University of Exter
DISCO
Willie Hamilton, CBE, MD, FRCP, FRCGP, is professor of primary care diagnostics at University of Exeter. http://medicine.exeter.ac.uk/people/profile/index.php?web_id=Willie_Hamilton The major part of his work is in cancer diagnostics in the symptomatic patient – the one sitting in the GP’s consulting room. He leads the DISCOVERY team, with staffing varying from 6-10, plus 8 PhD students, all supported by his grant awards. These grants total over £35m, including CRUK’s first Catalyst award. He has over 320 publications, including the 2010 and 2015 overall Research Paper of the Year for studies on ovarian cancer and on the public appetite for cancer testing. He also was the cancer category winner in 2013, 2014, 2016 and 2017. His recent paper, on the risk of cancer with thrombocytosis, was the most downloaded and read paper in 2017 in the BJGP. He was clinical lead on the NICE guidance on suspected cancer, NG12, published in 2015. This governs around £1bn of annual NHS spending. One of his textbooks, ‘Cancer Diagnosis in Primary Care’ won a rather minor BMA award. He gets 50p royalties a copy, so encourages everyone to buy it. He was awarded a CBE in the 2019 New Years’ Honours List for services to improving early cancer diagnosis.

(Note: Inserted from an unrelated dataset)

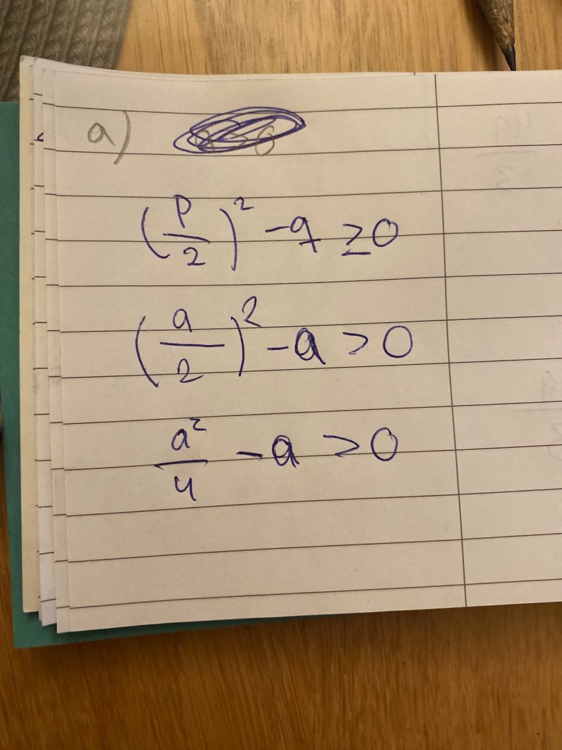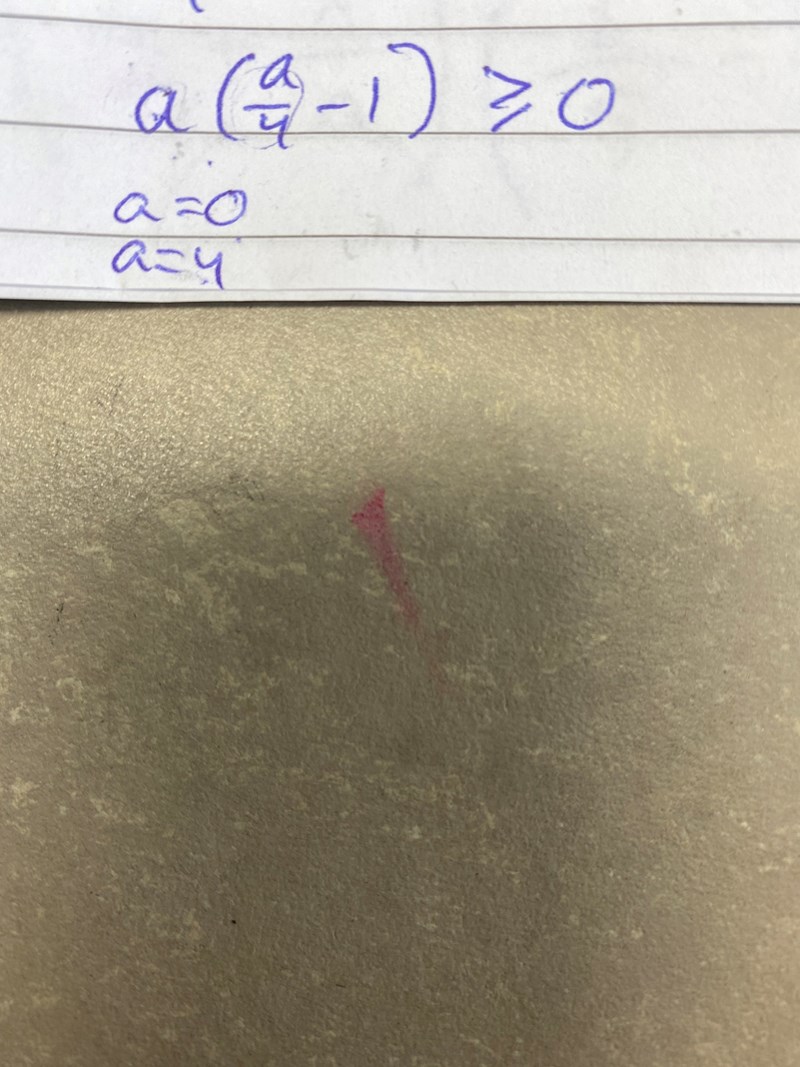 Du kan sätta a2/4-a=0 och lösa denna. Det kommer finnas två lösningar till denna ekvation. Med tanke på hur funktionen till VL ser ut kommer de lösningar vi vill åt vara de a som är mindre än den minsta lösningen och större än den stora lösningen.

Presenter of 1 Presentation

PREDICTION OF ALARM SYMPTOMS: WHAT DID THESE BRING US, HOW ARE THESE USED AND WITH WHICH RESULTS

Date
09.07.2021, Friday
Session Time
10:30 AM - 12:00 PM
Room
Hall 2
Lecture Time
10:30 AM - 10:47 AM
Session Icon
Pure Live

Abstract

Abstract Body

Most patients with cancer present to primary care - even when there are strong cancer screening programmes. A large programme of research in the early 2000s identified - and quantified - the symptoms of cancer when presented to primary care. This was crucial, as almost all previous research had been reported from the secondary care, selected population. Thus we now know for all the major cancers what the main symptoms are - and what the risk is of there being a cancer when they report a symptom to primary care.

This knowledge allowed planning of services - in particular how many patients would be expected to need a referral, a chest X-ray, a colonoscopy, etc. It also allowed guidance to be prepared for GPs to help them select who should be investigated rapidly for possible cancer. In the UK, this led to the NICE guidance, NG12, in 2015.

Since the publication of NG12, and up until the COVID-19 pandemic, several markers of improved cancer diagnosis all showed improvements. The number of referrals for urgent investigation rose by about 10% each year, the time to diagnosis of symptoms newly introduced in NG12 fell, the stage of the cancer at diagnosis improved, and there was a fall in the percentage of patients being diagnosed after an emergency presentation. 5-year survival also continues to improve. Much of this improvement ceased with the pandemic.

In recent years further changes have been: a large RCT of electronic tools to identify patients with possible cancer in GP records, an estimate of the resource requirements needed should the UK move from a 3% risk of cancer being the threshold to trigger urgent investigation down to 2%, or even 1%. Finally, the health-economics of symptomatic diagnosis are beginning to be unravelled, as we become better at estimating the benefits of expedited diagnosis.